[Bioc-devel] Bug in rma: zero variance of probeset summaries across arrays
Kasper Daniel Hansen
khansen at stat.berkeley.edu
Tue Feb 3 20:08:49 CET 2009
The rma command works fine on my system - fresh svn checkout of R-
devel from today, all relevant packages updated. I did not load
genefilter as you do below, but aside from that it is the same.
I have only tried once, and I ran it with R CMD BATCH.
2 comments:
1) It seems to complain about colnames and an object with no
dimension. Perhaps a drop = FALSE needs to be put in place somewhere
in the code (but why it works for me, I have no idea about)
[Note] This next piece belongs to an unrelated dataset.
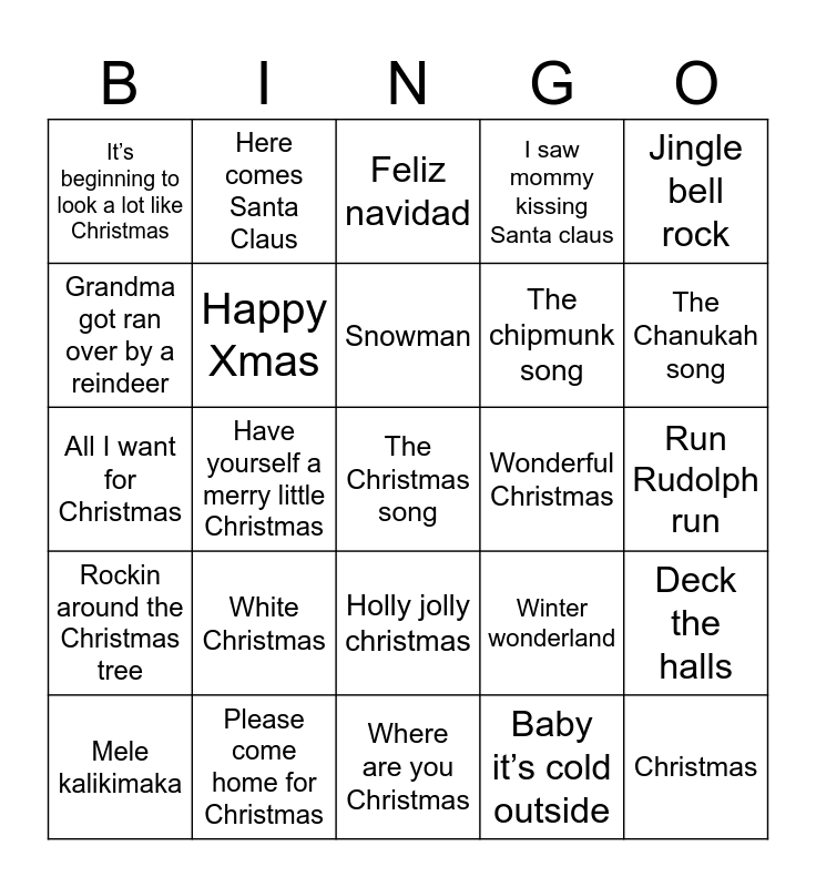 This bingo card has 39 words: Santa Claus is coming to town, Blue Christmas, Silent night, Happy Xmas, Mele kalikimaka, Holly jolly christmas, Snowman, Let it snow!, Jingle bell rock, Rockin around the Christmas tree, Have yourself a merry little Christmas, I saw mommy kissing Santa claus, The Christmas song, Run Rudolph run, Wonderful Christmas, White Christmas, Your a mean one, Mr.grinch 2, It’s beginning to look a lot like Christmas, Somewhere in my memory, Winter wonderland, Grandma got ran over by a reindeer, Where are you Christmas, The chipmunk song, The Chanukah song, Setting the trap, Your a mean one, Mr.grinch, Christmas, Merry christmas, Happy holidays, Sleigh ride, Here comes Santa Claus, I want a hippopotamus for Christmas, You make it feel like Christmas, Feliz navidad, Please come home for Christmas, Baby it’s cold outside, Carol of the bells, Deck the halls, All I want for Christmas and Last Christmas.

2) In general, I would also have put a colnames = "pm" on the probeset
matrices you make below. Hard to know whether it is a requirement in
all parts of the code, but seems safer.
Kasper
On Feb 3, 2009, at 11:14 , Wolfgang Huber wrote:
> Thank you, Holger, Jim, Ben,
>
> (1) this is indeed a peculiar feature of the medianpolish part of
> RMA. I apologize to Ben for using the harsh word "bug"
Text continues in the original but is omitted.